* [The problem]
Below are records; from the line containing "סדרת מפגשים מקוונים" through the very last line, output each line exactly. No pictures.

[Items from a dataset]
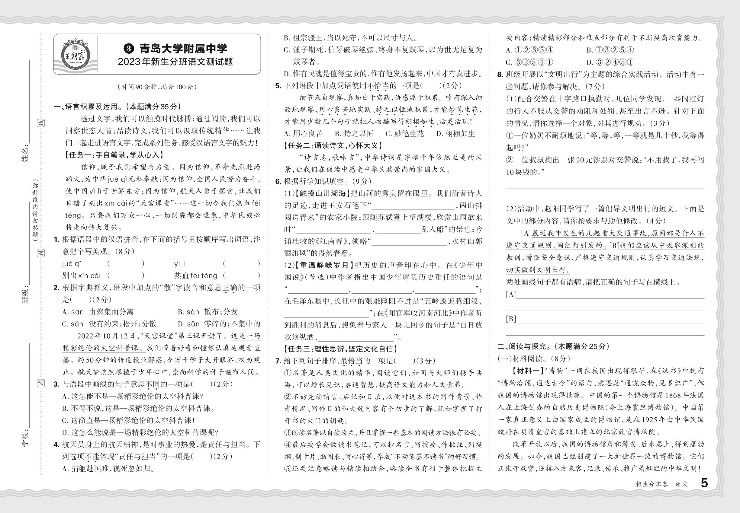 小升初·山东省青岛大学附属中学2023年新生分班语文測试题【4】
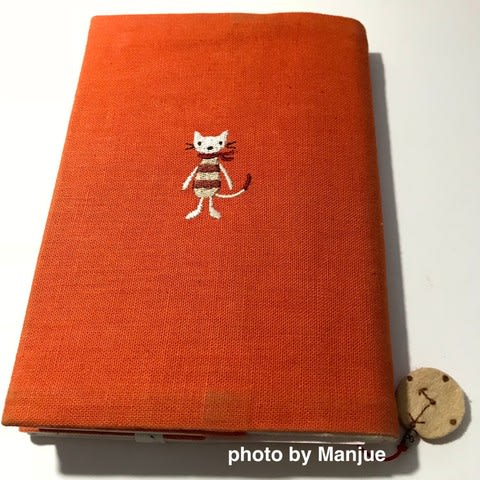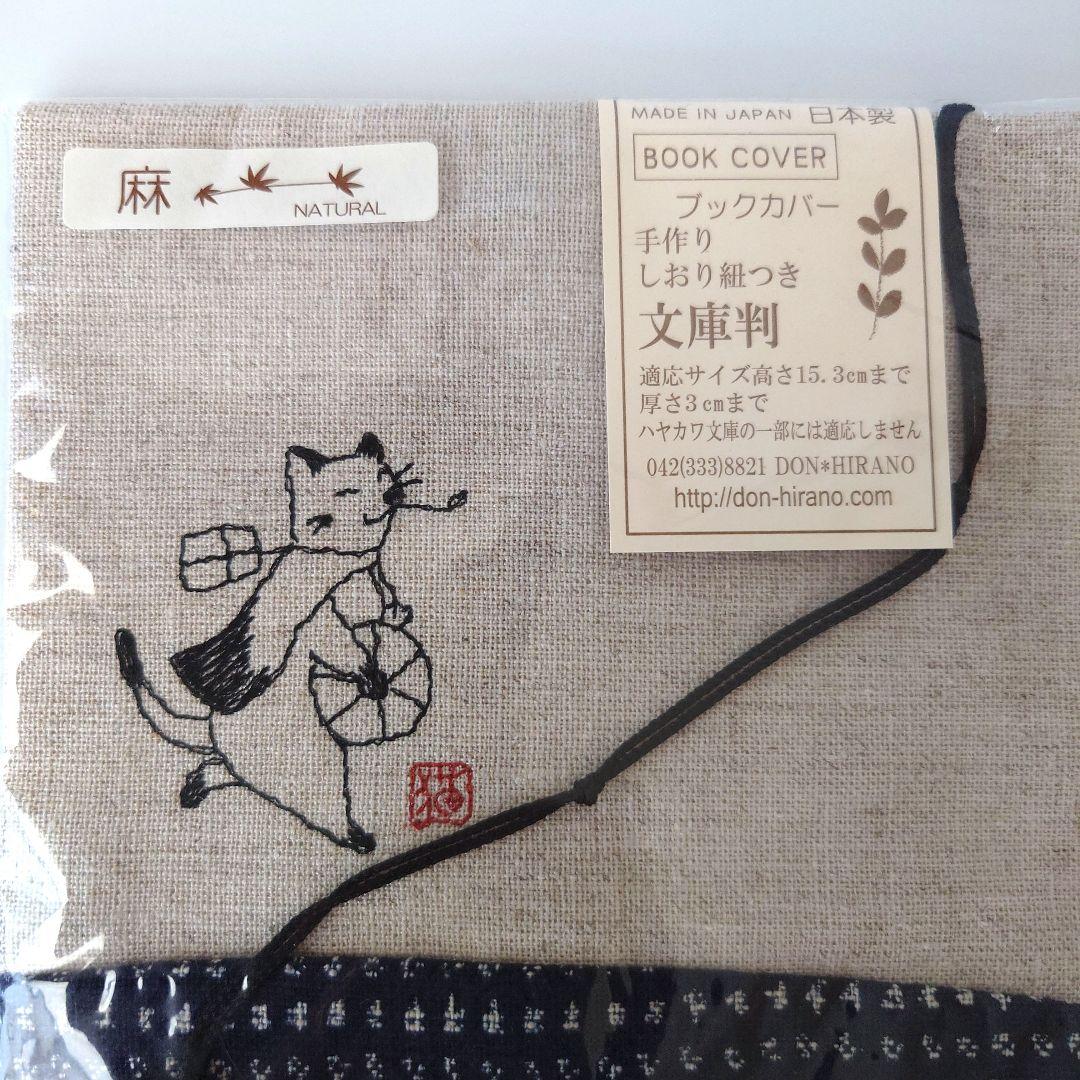 ドン・ヒラノ DON HIRANO ブックカバー 猫 ねこ えんじ 麻 文庫判。
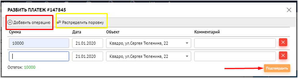-распределить сумму по датам и кол-ву (кнопкой добавление операции- добавлять строки) (кнопкой распределить поровну – разнести сумму на 2 равные части) - нажать кнопку « подтвердить»
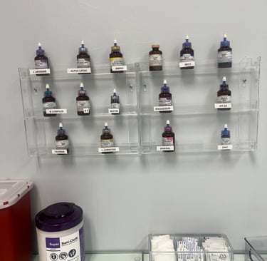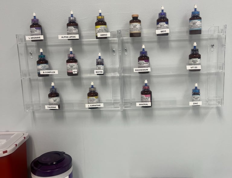 Quick, effective vitamin shots to elevate energy and immunity fast. Benefit from Vitamin B12, Vitamin C, Vitamin D3, Zinc, Biotin, Magnessium, COQ10, Vitamin Complex, AMino Acids, L-Arginine, Taurine, Mineral Boost, Libido Boost, Glutathione, NAD+, Tri-Immune and more.
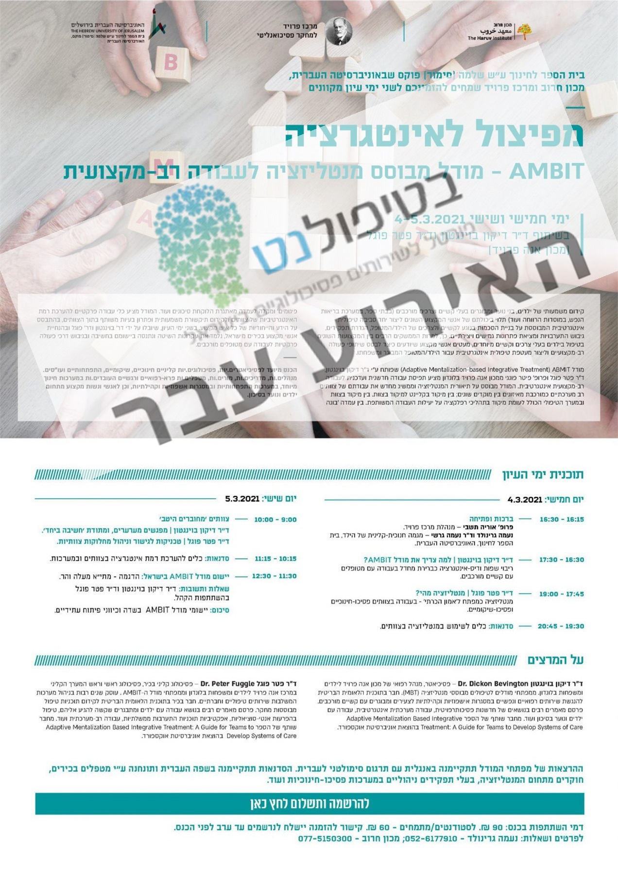 סדרת מפגשים מקוונים המציעה גישות, מודלים והתערבויות שהתגבשו בשדה הטיפולי במענה למגוון קשיים ומצוקות נפשיות, ומטרתה להנגיש לקהילה המקצועית ידע מקצועי שהתפתח סביב אתגרים טיפוליים ספציפיים.
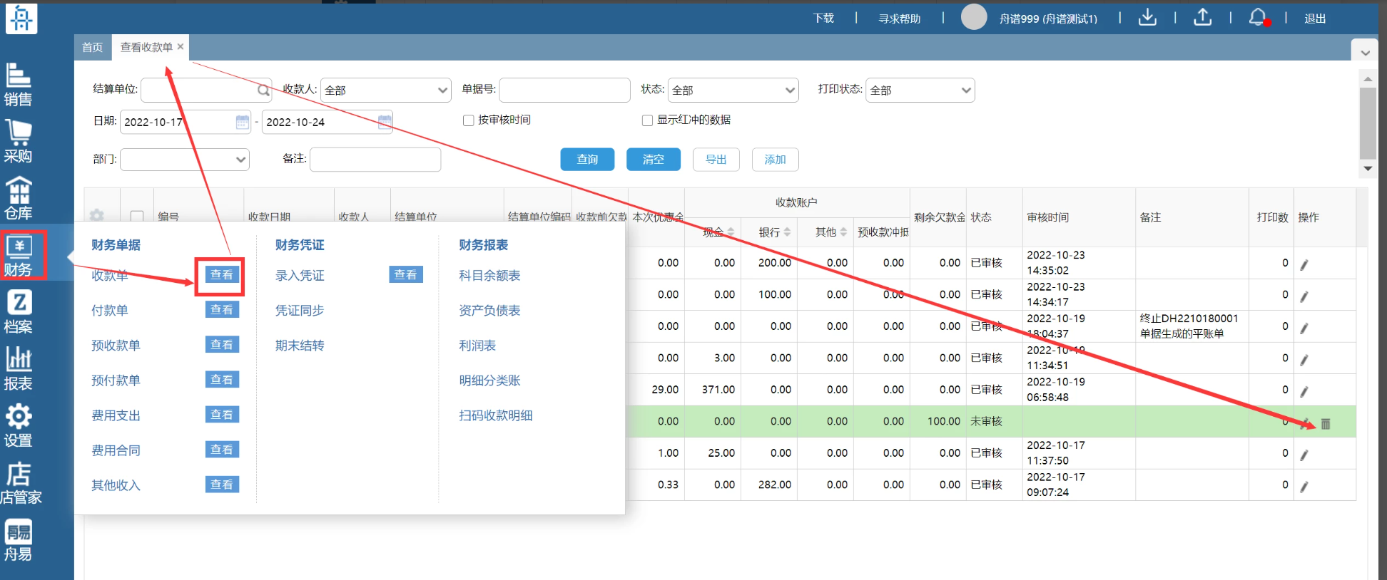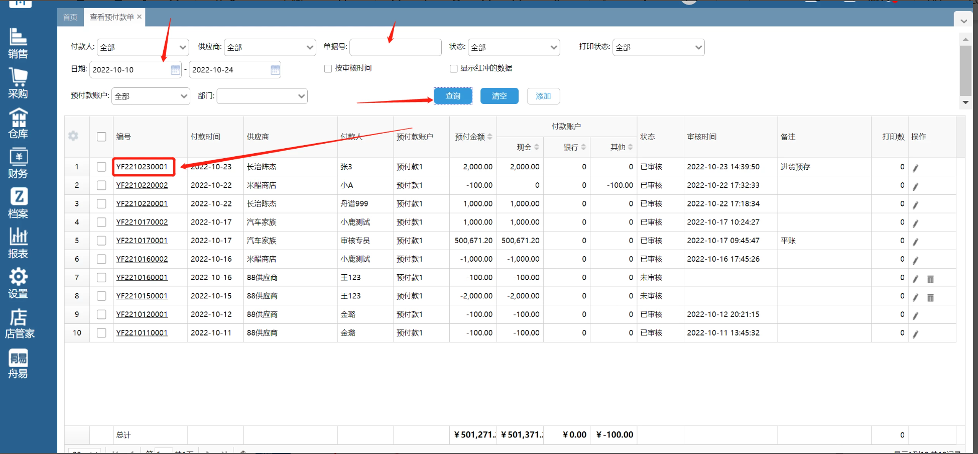 (1)付款单/预收款单/预付款单已审核都可以通过查看,找到单据进入后红冲。

* [Completed exercise]
 סדרת מפגשים מקוונים המציעה גישות, מודלים והתערבויות שהתגבשו בשדה הטיפולי במענה למגוון קשיים ומצוקות נפשיות, ומטרתה להנגיש לקהילה המקצועית ידע מקצועי שהתפתח סביב אתגרים טיפוליים ספציפיים.
 (1)付款单/预收款单/预付款单已审核都可以通过查看,找到单据进入后红冲。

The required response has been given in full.